One of the greatest rewards in life is knowing you have made a difference. But, how do you know when you've made a difference? Sometimes, you get lucky enough to hear from those you've impacted, but more often than not you simply have to trust that your words, actions, prayers, and commitments are, in fact, making a difference.
So, what should you do if you feel as if you aren't making an impact? I mean, c'mon, between crazy schedules, work, play, birthday parties, music lessons, Facebook, extra curriculars, Netflix and sports fields, when am I supposed to make a difference?
Or, maybe you think you aren't making a big enough difference; like you've failed at the American Dream of altruism because something only counts if it's big.
Every now and then I catch a glimmer of my impact in this world. Like the sparkler I light every 4th of July; my little light shines bright, sends sparks all over the place, but quickly fizzles out as I try to prevent it from burning my hand. Then, I'm left to stare at my neighbor's fireworks and wonder why I even bothered to light my sparkler in the first place.
If you're anything like me you need reminding amidst the everyday moment to moment sort of life we lead that you are making a difference in small, but powerful ways.
Remember that comparison is the thief of joy
No, really it is. Theodore Roosevelt (the guy who said that famous quote) was right - especially if a person is feeling down about themselves. So, don't compare your sparkler with someone's else's fireworks.
Remember that you have something to offer that no one else can. Somehow we have come to believe that unless we are doing, or saying, or being like that person, we are less worthy. However, the world already has that person, so what the world needs is you.
Comparison will cause you to discount yourself which will diminish your impact.

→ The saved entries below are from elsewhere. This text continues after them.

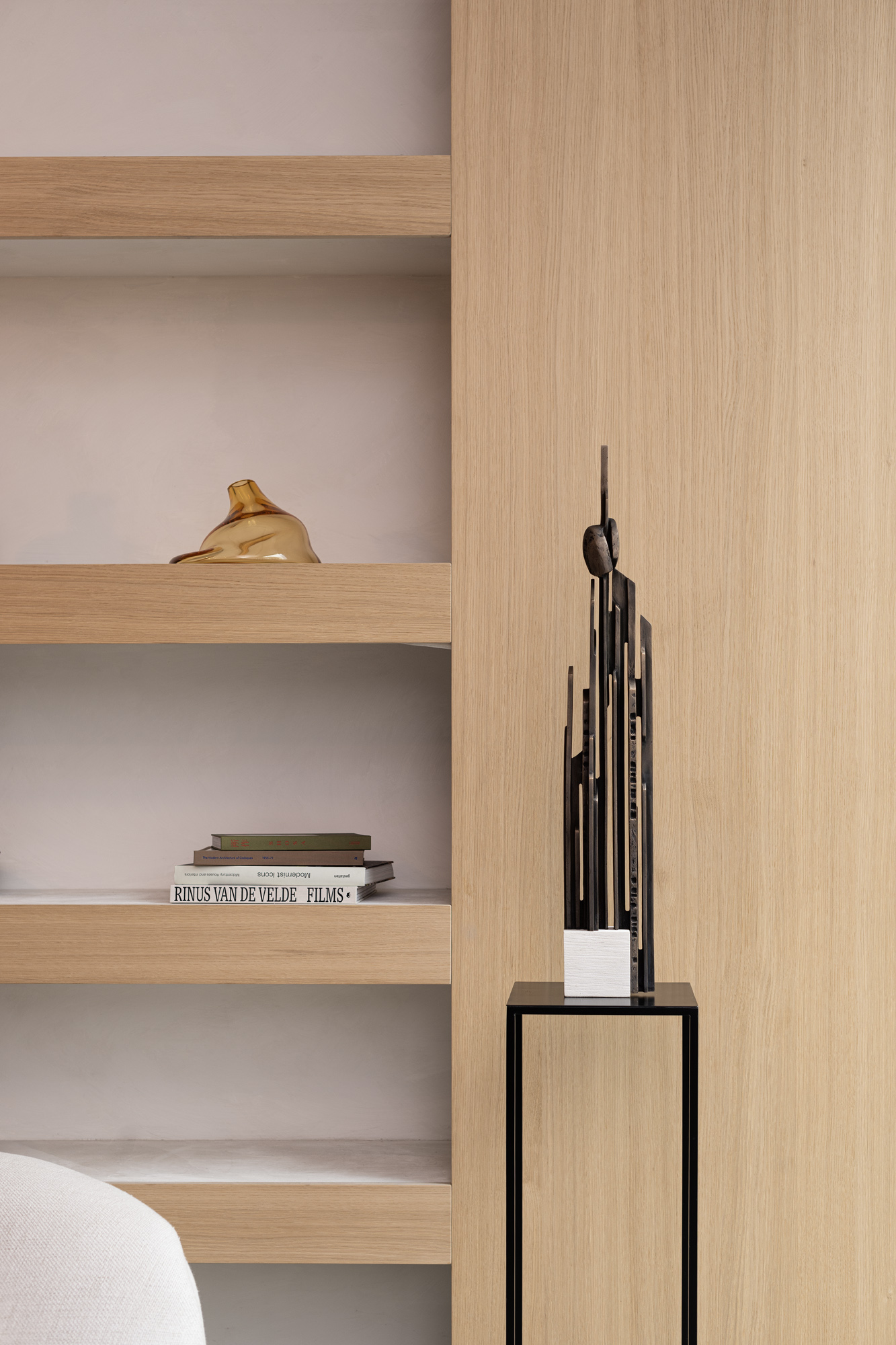 Lineair is an intriguing sculpture by Guy Buseyne defined by architectural precision and geometric clarity. Its vertical lines and open spaces create a sense of transparency, rhythm, and movement, evoking the impression of an abstract city skyline or a modern tower. The composition suggests two figures standing close together, merging visually into a unified whole.
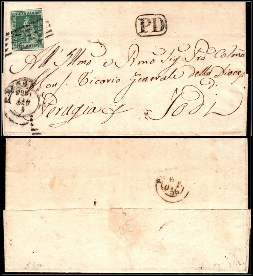 452 Cover , veryfine   imageITALIAN STATES – TUSCANY, 1856: Cover from Florence to Lodi (Perugia), franked with 4 crazie green on grey (Sassone 7, MiNr. 6xb, first printing), tied by 5-bar mute cancel. Stamp with ample to wide margins. Clear boxed “P.D.” in black and well-struck departure and arrival date stamps. Addressed to the Vicar General of the Diocese of Perugia. A fresh and attractive cover. Cat. €200. Very Fine.
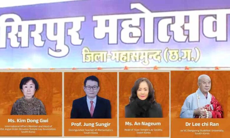महोत्सव में दक्षिण कोरिया से इतिहास, कला और संस्कृति के विशेषज्ञ आमंत्रित किए गए हैं। महासमुंद कलेक्टर विनय कुमार लंगेह ने जानकारी देते हुए बताया कि, इनमें दक्षिण कोरिया के प्रो. जंग संगीर, किम डांग ग्वी, डॉ. ली ची रैन और एन नाजियम प्रमुख रूप से शामिल हैं, जिनकी सहभागिता से सिरपुर की अंतर्राष्ट्रीय पहचान और सशक्त होगी।
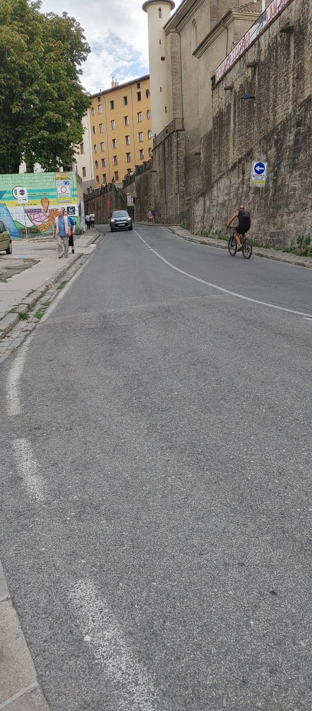 The next morning, we started off hiking, and like most time on the Camino you can stop and have a coffee along the way. That is when Ken realized he no longer had his wallet. After tearing apart his backpack on the sidewalk opening every pouch, pocket, and package there was no wallet to be found. We stopped hiking for the day and retraced our steps from the previous day and returned to the Ken’s hotel in order to begin the process of cancelling credit cards and such. But the good people of Spain returned Ken’s wallet with the three hundred Euros and we were able to restart the Camino the next morning. So, we were able to do some more sightseeing in the old part of Pamplona, including walking the path of the running of the bulls and the old city walls the afforded the city protection from 74 B.C. onwards and even up to the 1930s’ Spanish Civil War.
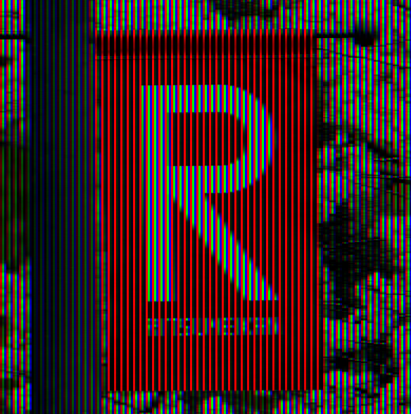 A light-bluish letter 'R' appears to be written in a black flag, but it appears to be white and lie in a red flag when seen in a small display or when seen with blur or motion.

Jealousy, a close relative of comparison, then has a chance to drag you down the path of bitterness. Instead of taking that path, remind yourself that another person's impact or success does not take away from your own impact or success. In fact, your celebration of someone else will probably have a profound impact on them and make a difference in their life. Try it. You may be surprised.
Remember that caring for those close to you matters. A lot.
You've probably seen the quote from Mother Teresa floating around social media that says, "If you want to change the world, go home and love your family." While this is a good statement, it isn't exactly what Mother Teresa said. What she actually said was, "Spread love everywhere you go; first of all in your house. Give love to your children, to your wife or husband, to a next-door neighbor..." This has a similar feel to the other, but recognizes that a neighbor (anyone around you) should be loved, and treated, like family. Are your kids tucked in at night with full bellies and the knowledge they are loved? Have you told a friend how much they mean to you? Has a neighbor, or even a stranger, shared a meal around your table?
Remember that Loving Big often means thinking small.
Apparently, it's Mother Teresa quote day here on the blog, but she gave love so extravagantly that her words warrant sharing. She said, "Don't look for big things, just do small things with great love....The smaller the thing, the greater must be our love." If your idea of making an impact has to involve lots and lots of people all over the place then you are going to find yourself overextended and exhausted. Set aside any expectation of grandeur. Just forget it. Instead, ask yourself if you are making your moments matter. It's in those small moments that big love can be shown. That means that third poopy diaper you've changed today matters. That meal you brought to your neighbor matters. That smile you gave that lady at Walmart (or Target) matters. That scowl (or hand gesture) you kept to yourself when the car in front of you cut you off. You get the idea.
Remember that LOVE IS NEVER WASTED.
I promise you that love is never wasted. Yes, that's right. Love is never wasted. Remind yourself of that often. Everything you do to show love, mercy and compassion is the best choice you can make. It may not always seem like it, but love has this way of making itself useful even if it seems like you've sent it out into the stratospheres never to be seen again. If you are in the habit of being a loving presence in someone else's life your impact will be felt for a lifetime. Continue showing genuine concern for others and you'll eventually see the difference it makes.
MORE THAN LIKELY, YOU ARE MAKING A DIFFERENCE.
Back in the day when every town had at least three klatch-ey little indie coffee shops, I sat in one such establishment and declared to everyone gathered that I would never, ever have children because I was deathly afraid of being a horrible parent. One person replied that, because of my fear of being a bad parent, I would probably make a great parent. Similarly, I sort of think that if you're worried about making a difference then you probably are making a difference.
But, if want to make a greater impact then consider volunteering in your community by sharing your skills or services with people in need. There are plenty of organizations through which you could volunteer. Get creative. The world needs you. I promise.
You may never see the full impact of your life, but your sparkler is there. Light it up and keep going. Even if your neighbor sets off his big fireworks and even if your afraid that your sparkler will burn your hand. It is so worth it. You are worth it. You are making a difference.